L1 hardware prefetchers don’t help performance here because they share the same 10 L1 cache miss buffers. L2 hardware prefetchers do help because bringing the data closer reduces the occupancy required by each cache miss transaction. Unfortunately, L2 hardware prefetchers are not directly controllable, so experimentation is required. The best read bandwidth that I have been able to achieve on this system is about 17.8 GB/s, which corresponds to an “effective concurrency” of about 22 cache lines or an “effective latency” of about 36 ns (for each of the 10 concurrent L1 misses).
L2 hardware prefetchers on this system are also able to perform prefetches for store miss streams, thus reducing the occupancy for store misses and increasing the store miss bandwidth.
For non-temporal stores there is no concept corresponding to “prefetch”, so you are stuck with whatever buffer occupancy the hardware gives you. Note that since the non-temporal store does not bring data *to* the processor, there is no reason for its occupancy to be tied to the memory latency. One would expect a cache miss buffer holding a non-temporal store to have a significantly lower latency than a cache miss, since it is allocated, filled, and then transfers its contents out to the memory controller (which presumably has many more buffers than the 10 cache miss buffers that the core supports).

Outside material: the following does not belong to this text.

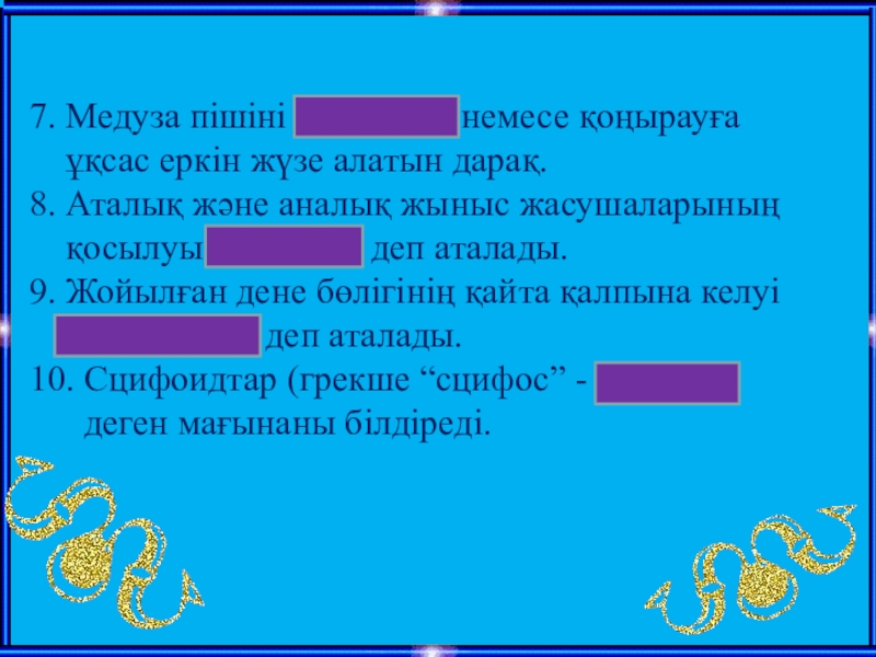 10. Сцифоидтар (грекше “сцифос” - табақша)

But, while non-temporal stores are expected to have a shorter buffer occupancy than that of a cache miss that goes all the way to memory, it is not at all clear whether they will have a shorter buffer occupancy than a store misses that activates an L2 hardware prefetch engine. It turns out that on the Xeon E5-2680 (Sandy Bridge EP), non-temporal stores have *higher* occupancy than store misses that activate the L2 hardware prefetcher, so using non-temporal stores slows down the performance of each of the four STREAM kernels. I don’t have all the detailed numbers in front of me, but IIRC, STREAM Triad runs at about 10 GB/s with one thread on a Xeon E5-2680 when using non-temporal stores and at between 12-14 GB/s when *not* using non-temporal stores.

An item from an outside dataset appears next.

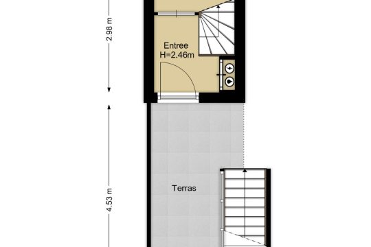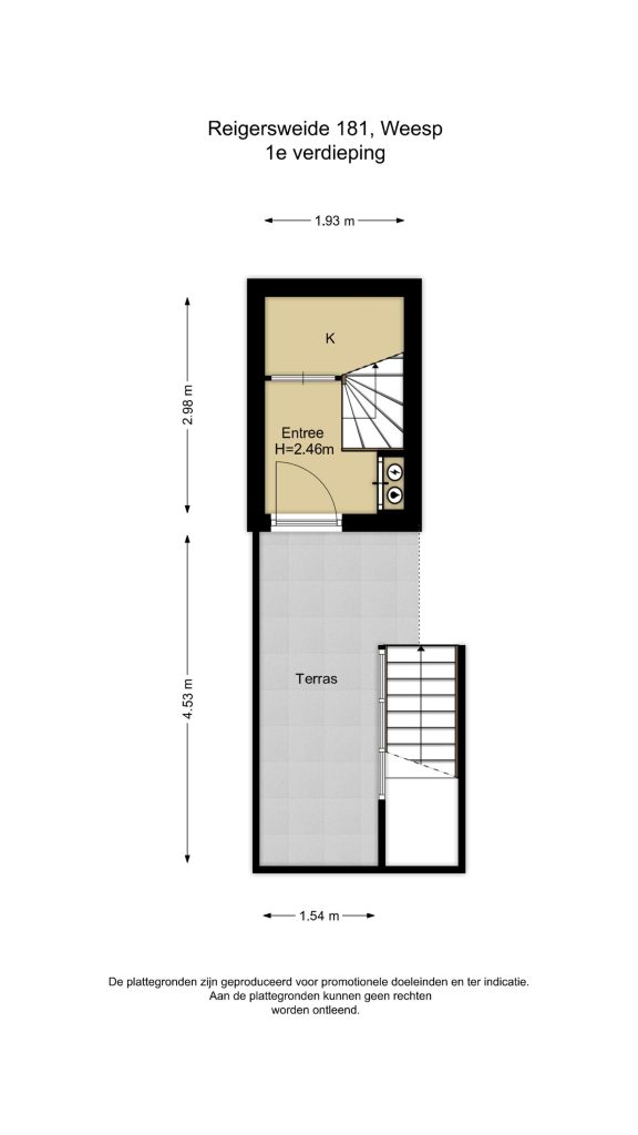 Parterre: ruime berging met elektra en trapopgang naar 1e etage.

This result is not a general rule. On the Intel Xeon E3-1270 (also a Sandy Bridge core, but with the “client” L3 and memory controller), the occupancy of non-temporal stores in the L1 cache miss buffers appears to be much shorter, so there is not an occupancy-induced slowdown. On the older AMD processors (K8 and Family 10h), non-temporal stores used a set of four “write-combining registers” that were independent of the eight buffers used for L1 data cache misses. In this case the use of non-temporal stores allowed one thread to have more concurrent
memory transactions, so it almost always helped performance.

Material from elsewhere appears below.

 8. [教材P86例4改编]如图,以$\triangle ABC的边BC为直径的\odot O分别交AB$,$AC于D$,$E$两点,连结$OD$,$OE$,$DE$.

(B) STREAM is typically run using as many cores as is necessary to achieve the maximum sustainable memory bandwidth. In this bandwidth-limited regime non-temporal stores play a very different role. When using all the cores there are no longer concurrency limits, but there is a big difference in bulk memory traffic. Store misses must read the target lines into the L1 cache before overwriting it, while non-temporal stores avoid this (semantically unnecessary) load from memory. Thus for the STREAM Copy and Scale kernels, using cached stores results in two memory reads and one memory write, while using non-temporal stores requires only one memory read and one memory write — a 3:2 ratio. Similarly, the STREAM Add and Triad kernels transfer 4:3 as much data when using cached stores compared to non-temporal stores.
On most systems the reported performance ratios for STREAM (using all processors) with and without non-temporal stores are very close to these 3:2 and 4:3 ratios. It is also typically the case that STREAM results (again using all processors) are about the same for all four kernels when non-temporal stores are used, while (due to the differing ratios of extra read traffic) the Add and Triad kernels are typically ~1/3 faster on systems that use cached stores.